Most #dnd / fantasy #ttrpg settings out there seem to be vaguely based on Europe and European cultural assumptions.

However, most religious conflict in these settings seems to be based on conflicts between the followers of different gods. What I'd like to see more examples of is conflict between followers of the same god(s) who interpret their faiths differenty.

I mean, consider the conflict between Catholics and Lutherans in early modern Germany, which ultimately led to the Thirty Years's War - arguably the most traumatic war in the country's existence, eclipsing even the World Wars in many respects.

Such conflicts between different theological interpretations of the same faith have thus plenty of potential for conflict - and thus stories. However, you do need to make sure that the gods of your setting won't settle theological disputes directly...

@juergen_hubert who doesn't love a good schism? (In my gang we sometimes have moments where the DM explains, 'You know the difference between Catholics and Anglicans, but these guys are trying even harder not to copy each others' homework.')

@juergen_hubert One thing that can get in the way is that in fantasy settings, gods are real.

Also, "Competing gods inside the same pantheon" is very different from the real-world variants (like all the Egyptian cults trying to absorb Ra over the ages, or the all-out war between the cults of Amun and Aten).

And in the real-world sense, "the pantheon" consists of the gods that exist.
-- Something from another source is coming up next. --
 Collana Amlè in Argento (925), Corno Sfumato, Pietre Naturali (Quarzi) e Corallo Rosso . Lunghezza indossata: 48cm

Conflicts between different pantheia are possible, because the people disagree about which gods exist.

If that way of defining things were taken into fantasy, it would give rather different results, because humans wouldn't really have reason to deny the existence of the gods of the other species.

So in Fantasy, pantheons aren't "all the gods" but rather gangs of gods, usually with familial ties, at odds with other pantheia. Like mafia wars in the heavens.
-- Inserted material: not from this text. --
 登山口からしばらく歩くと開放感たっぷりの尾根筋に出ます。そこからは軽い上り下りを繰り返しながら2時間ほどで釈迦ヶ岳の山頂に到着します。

@juergen_hubert I've always thought of the gods in d&d as being more Greek based, where they have clear assignments (war, trickery, etc.) but volatile relationships (this one's married to that one, that one's trying to screw over this one, etc.)

As a conflict in a setting, what you're saying is totally true and interesting. But how would you handle the character religions? Would you let them choose, or would they have been raised the same way? Or are they from some foreign place?